BEGIN RECORDED DATA
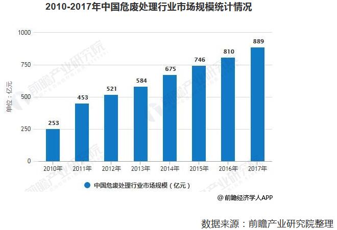 ? ? 我國危廢處理行業(yè)自2001年左右起步,經(jīng)過十多年的發(fā)展,行業(yè)進(jìn)入快速增長階段,但也存在經(jīng)驗和技術(shù)上的短板。由于我國危廢整體處置率較低,使得行業(yè)市場規(guī)模較小。據(jù)前瞻產(chǎn)業(yè)研究院發(fā)布的《中國危廢處理行業(yè)市場前瞻與投資戰(zhàn)略規(guī)劃分析報告》統(tǒng)計數(shù)據(jù)顯示,2010年中國危廢處理行業(yè)市場規(guī)模僅僅為253億元,2011年中國危廢處理行業(yè)市場規(guī)模增長至453億元。之后一直保持平穩(wěn)增長,到了2016年中國危廢處理行業(yè)市場規(guī)模突破800億元,截止到2017年中國危廢處理行業(yè)市場規(guī)模達(dá)到了約889億元。
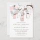 Fira din kärlek-berättelse med vårt anpassade Mason burk bröllopsinbjudan med delikat mason burk, romantiska blommigtar och söta småfåglar. Den här romantiska bröllopsinbjudan är perfekt för rustik, vintage, trädgård eller vår bröllop och tillför en aning vismisk elegans till din speciella dag. Anpassa texten, teckensnittet och välj annat färg så att temat bröllop kan matchas utan problem.
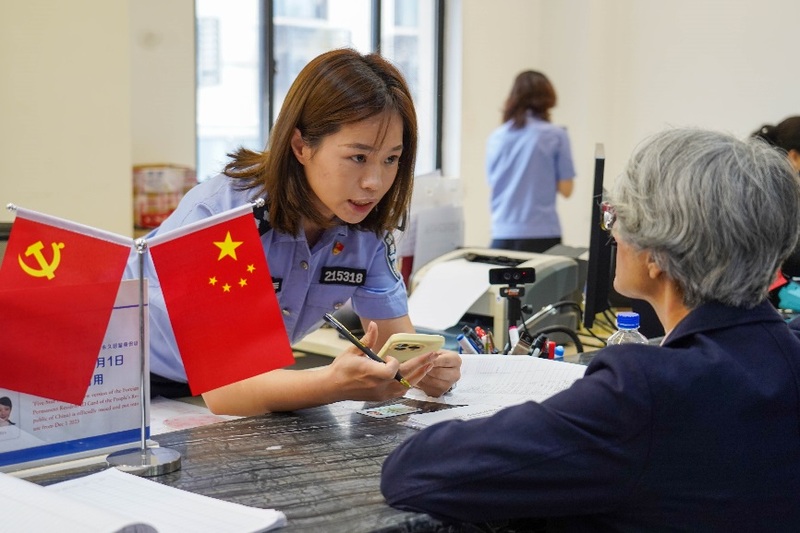 国庆期间是出入境办证“小高峰”,全市公安出入境受理点轮流对外开放,开通“境捷专窗”加快资料核验速度,为居民提供温馨舒适的办证环境。当天,中国公民出入境业务受理量超过300份,外籍人员出入境业务受理量近100份。
END RECORDED DATA
## [EXERCISE BRIEF]
In transcribing the material above, reproduce each line exactly and include none of the pictures.

## [EXERCISE RESULT]
 ? ? 我國危廢處理行業(yè)自2001年左右起步,經(jīng)過十多年的發(fā)展,行業(yè)進(jìn)入快速增長階段,但也存在經(jīng)驗和技術(shù)上的短板。由于我國危廢整體處置率較低,使得行業(yè)市場規(guī)模較小。據(jù)前瞻產(chǎn)業(yè)研究院發(fā)布的《中國危廢處理行業(yè)市場前瞻與投資戰(zhàn)略規(guī)劃分析報告》統(tǒng)計數(shù)據(jù)顯示,2010年中國危廢處理行業(yè)市場規(guī)模僅僅為253億元,2011年中國危廢處理行業(yè)市場規(guī)模增長至453億元。之后一直保持平穩(wěn)增長,到了2016年中國危廢處理行業(yè)市場規(guī)模突破800億元,截止到2017年中國危廢處理行業(yè)市場規(guī)模達(dá)到了約889億元。
 Fira din kärlek-berättelse med vårt anpassade Mason burk bröllopsinbjudan med delikat mason burk, romantiska blommigtar och söta småfåglar. Den här romantiska bröllopsinbjudan är perfekt för rustik, vintage, trädgård eller vår bröllop och tillför en aning vismisk elegans till din speciella dag. Anpassa texten, teckensnittet och välj annat färg så att temat bröllop kan matchas utan problem.
 国庆期间是出入境办证“小高峰”,全市公安出入境受理点轮流对外开放,开通“境捷专窗”加快资料核验速度,为居民提供温馨舒适的办证环境。当天,中国公民出入境业务受理量超过300份,外籍人员出入境业务受理量近100份。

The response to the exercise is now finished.